The poster and trailer for Gary Sherman’s “Dead & Buried” is more iconic than the film itself, and that’s a shame.
Most children of the ’80s will recall the poster art, which, in addition to the striking image of a lifeless face breaking out of the ground, touted this as “From the Creators of Alien.” Indeed, the screenplay was the first post-“Alien” project for writers Dan O’Bannon and Ronald Shusett (from a story by Jeff Miller and Alex Stern).
Full of vivid ambience, nightmarish (and nightmare-inducing) imagery and a plot that wouldn’t be out of place in a ghoulish issue of “Tales from the Crypt,” it portrays danger and conspiracy beneath a small-town setting with a Norman Rockwellian façade
It begins with a lengthy pre-title sequence, in which a photographer taking snapshots on a beach can’t believe his luck when he meets an attractive, willing model (a chilling Lisa Blount). A few naughty photos later, and the photographer is greeted by the sudden appearance of town folk, who capture and murder him.
This shocking turn of events introduces us to the town sign, declaring “Potter’s Bluff, a New way of Life.”
FAST FACT: Director Gary Sherman says his 1981 cult classic endured significant tweaking thanks to a last-minute power struggle behind the scenes. He originally envisioned the film leaning heavier on its comedic elements, one of many frustrations he had the changes.
Veteran character actor James Farentino plays Dan Gillis, the Potter’s Bluff sheriff who slowly becomes aware that, in addition to town folk being brutally murdered, the victims are suddenly reappearing days later, alive and well.
His schoolteacher wife (the luminous Melody Anderson, the best element of Chuck Norris’s “Firewalker”) is supportive of his bizarre discovery, despite her own strange decision to teach her students about witchcraft, complete with a ceremonial knife. The local coroner (Oscar winner Jack Albertson, in the film’s best performance) who is also Gillis’ best friend, encourages the sheriff to dig deeper.
Then, things get much weirder.
“Dead & Buried” was probably too slow for ’81 audiences, despite the nasty, often gross nature of the murder sequences. Like “Halloween II” and “The Fog,” it was another 1981 genre film that suffered from re-shoots that added more gory deaths to an initially more suggestive approach to the violence.
In fact, this aspect got the film in trouble.
The film was once on the list of “Video Nasties” in the U.K. during the early ’80s (putting it in the same controversial company as “Last House on the Left” and “I Spit on Your Grave”).

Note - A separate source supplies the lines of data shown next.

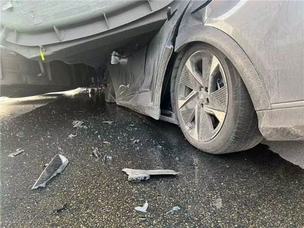 近期在山西忻州发生的一起交通事故中,一辆载着49吨煤炭的大货车在转弯时突然失控侧翻,巨大的车身瞬间压在了一辆长安深蓝S7轿车上。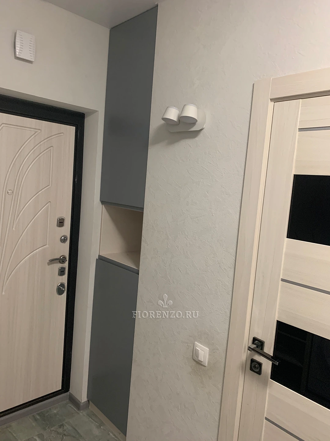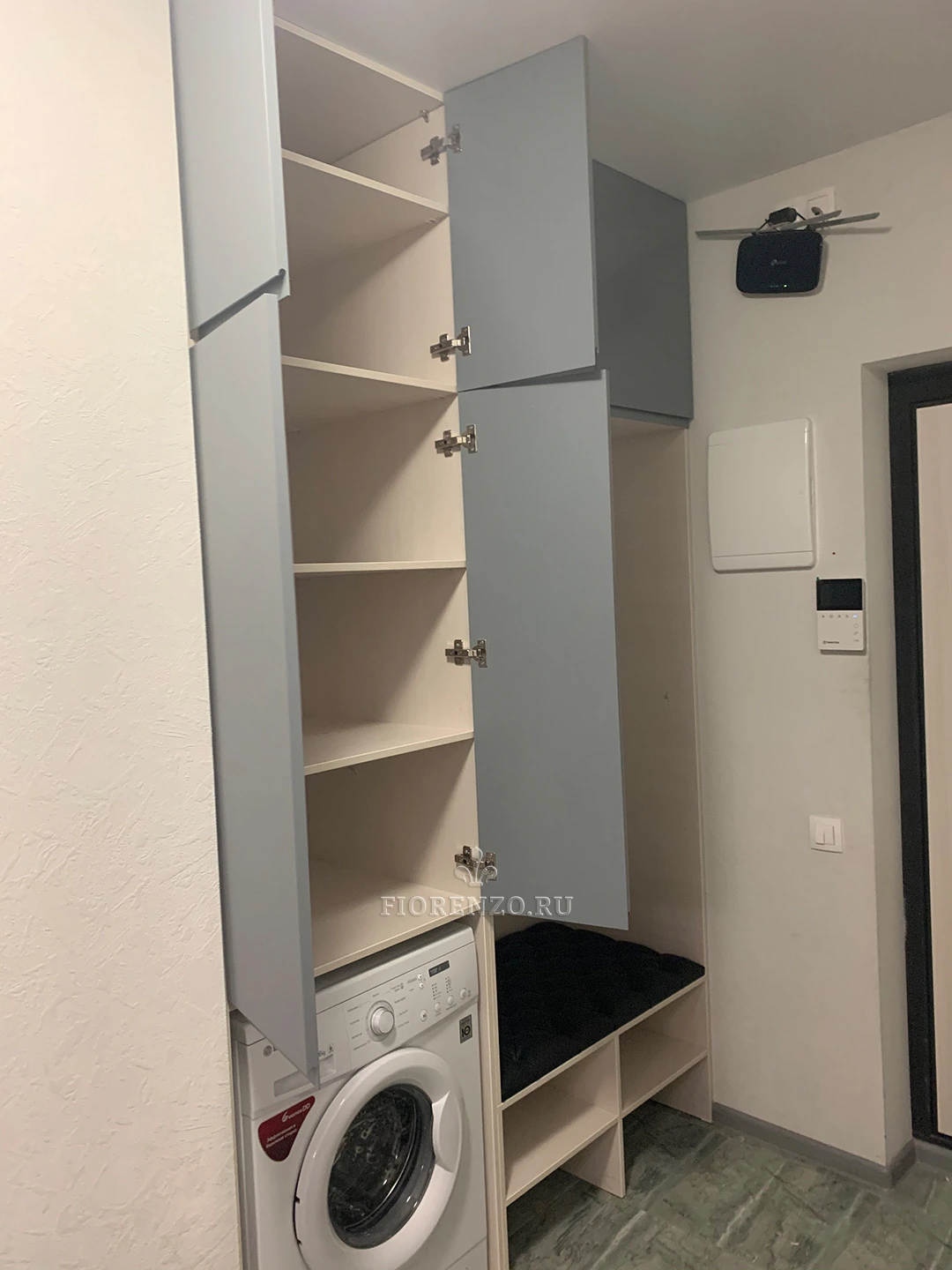Мастерская «Фиорензо» готова изготовить проект любой сложности по индивидуальным замерам для вашего помещения. Это позволит создать гармоничную, эффектную обстановку, если среди готовой мебели не нашлось нужного варианта. Прихожая из МДФ на заказ «Ренн» представляет собой гарнитур продуманной формы, с нужным заказчику наполнением. Этот комплект предусмотрен под установку стиральной машины.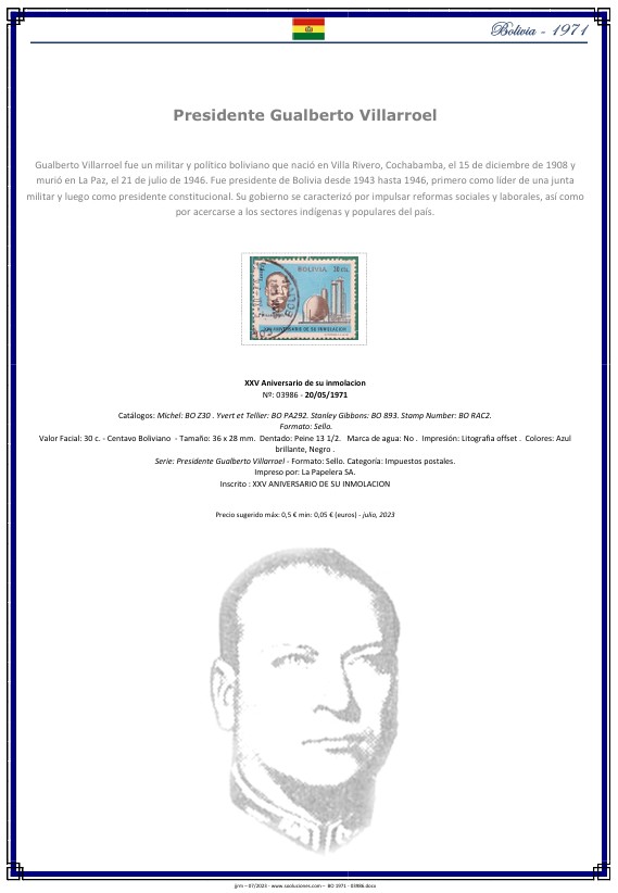 Bolivia 1971 – Gualberto Villarroel (Ficha de sellos descargable en PDF) - 03986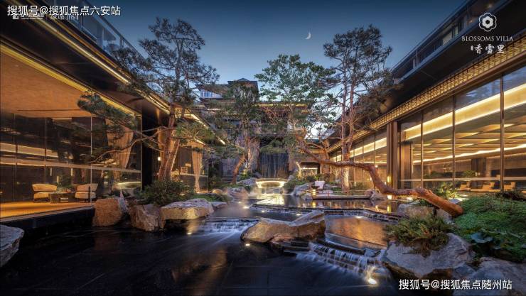 2. 入口营造:主入口以宋代名画《春山瑞松图》为蓝本,打造约50米亚马逊黑奢石景墙,营造隐逸雅奢的归家第一序章。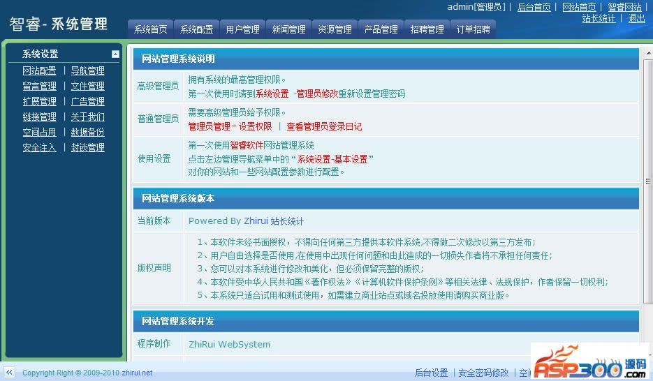 智睿企业网站管理系统具有强大的系统功能,支持中繁任意切换,拥有文章/新闻、图片/产品、资源下载、人才招聘、订单系统、问答/留言、友情链接、广告系统、自定义模型、投票调查等众多丰富的功能模型。

Despite that sort of notoriety, the film didn’t find much of a cult following until the early 21st century. While the violence is, indeed, far grislier than expected (it surpasses the first two “Friday the 13th” entries in sadism) but the film is no mere footnote.
Made with an eye on atmosphere, creeping menace and an uncanny ability to reposition audience expectations, it’s a genuine sleeper.
Director Gary Sherman later made “Vice Squad” (with its bravura Wings Hauser performance), the fairly well-liked Rutger Hauer vehicle “Wanted: Dead of Alive,” the uneven but under-appreciated “Poltergeist III” (with its chilling practical effects and brilliant mirror set design) and the just-okay Cheryl Ladd thriller, “Lisa.”
“Dead & Buried” is his best film to date.
Horror icon Robert Englund of Freddy Krueger fame pops up in a supporting role as one of the cop’s oldest friends (Englund registers well enough to make me wish his role were bigger).
The Stan Winston make-up effects are remarkable, though this, unlike many movies released during its era, has not softened with time. Anyone who considers themselves squeamish shouldn’t bother; there’s a scene where a character gets a syringe in the eye, and it’s not even the worst thing that happens to him!
Shusett co-produced and co-wrote the script with O’Bannon, who later expressed disappointment with the final results. If their landmark “Alien” screenplay was their reshaping of the sci-fi monster movie, then “Dead & Buried” was clearly their aim to reconfigure the modern zombie movie.
It’s more “Invasion of the Body Snatchers” than “Night of the Living Dead” in its take on zombies among the living, making it less about the living dead in pursuit of flesh and more a tale of losing one’s identity and grasp on the natural order.
The final reveal is hard to see coming and it’s a real shocker.